While De Raadt may make Mathis and Turner pay a financial penalty for their alleged inappropriate behavior, that doesn’t amount to justice in her mind.

“Mathis and Tuner were the ones harassing me, but the state failed to protect me,” she said.

When De Raadt reported the behavior, she was met with an indifference that allowed the behavior to continue. Because her case against the Assembly was dismissed with prejudice, it cannot be refiled.

“It’s not about the money, so I don’t think I can get justice,” De Raadt said. “I can’t hold the Assembly accountable for its behavior.”

Ideally, she’d like the Assembly to change its rules to better protect employees in cases like hers. She believes there is a culture of harassment fostered by the Assembly’s failure to act in her case and others like it.

“Nobody is above the law,” De Raadt said. “The assemblyman is not above the law. Turner is not above the law. The state is not above the law.”

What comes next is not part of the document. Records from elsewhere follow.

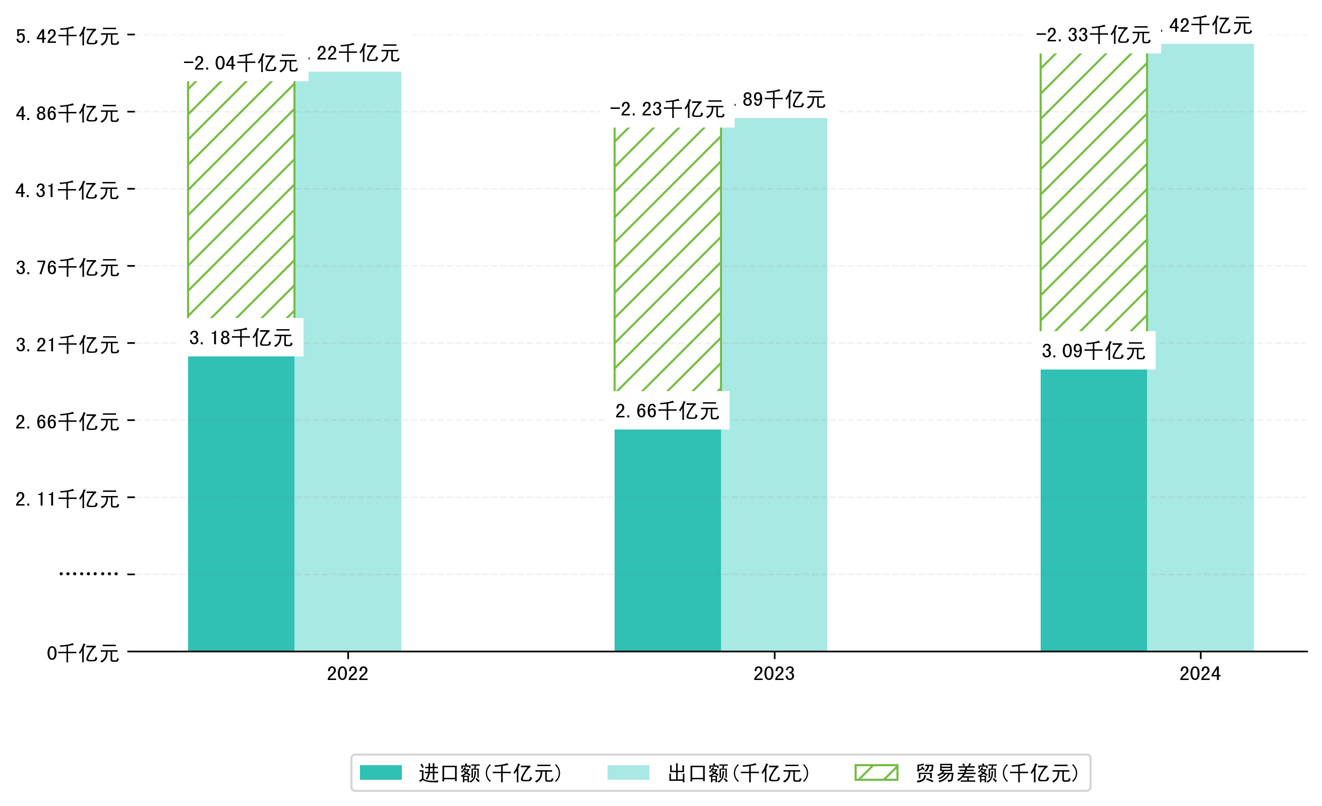 以人民币计,2024年1-2月江苏省贸易差额为2328,2606,6075万元(贸易顺差),相比上年同期增加了97,6758,3391万元,同比增加4.38%。
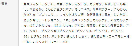 成分表を見る限り悪い添加物も入っていないし、栄養面でも安心できます。以前はコロコロした硬い便が出ていましたが、便の調子も改善されて、いまでは踏ん張ることなくすんなりと排便しています
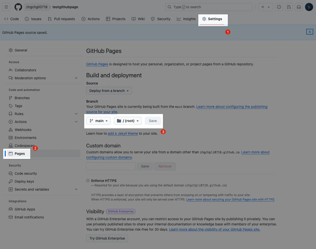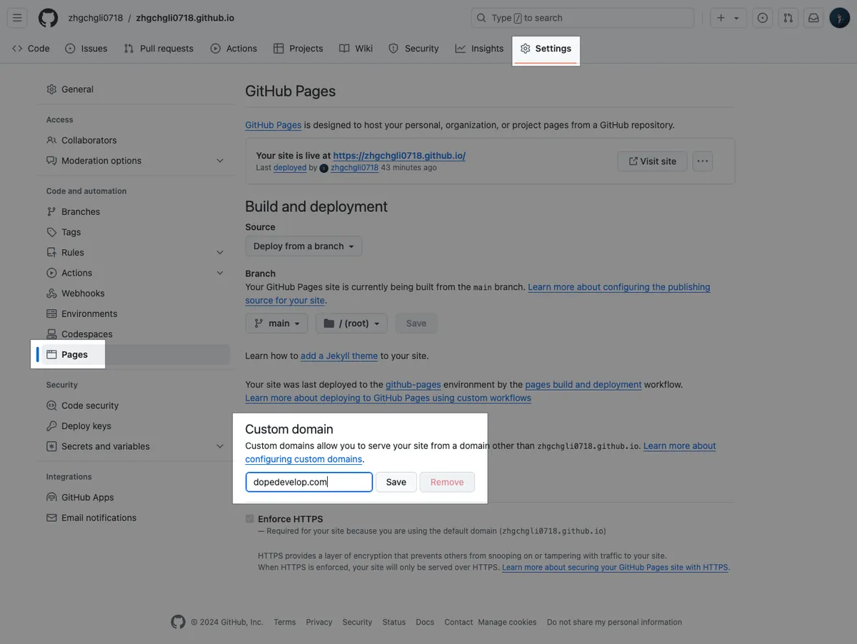 Next is the main point of this article: GitHub Pages custom domains. As mentioned earlier, by default, we can only use your-username.github.io as the main domain for your static website; other repositories can only be accessed via /path and cannot create a second *.github.io domain.

Suing for damages, she says, isn’t satisfying, but it’s now her only recourse.

“All I can get from Mathis and Turner is money,” she said. “I need justice. I need the law changed.”

De Raadt would also like to change the pair’s attitude toward women, but she doesn’t believe they are capable of understanding.

“It’s (the suit) just to teach them their behavior is wrong, and I don’t think they’ll understand their behavior is wrong,” she said.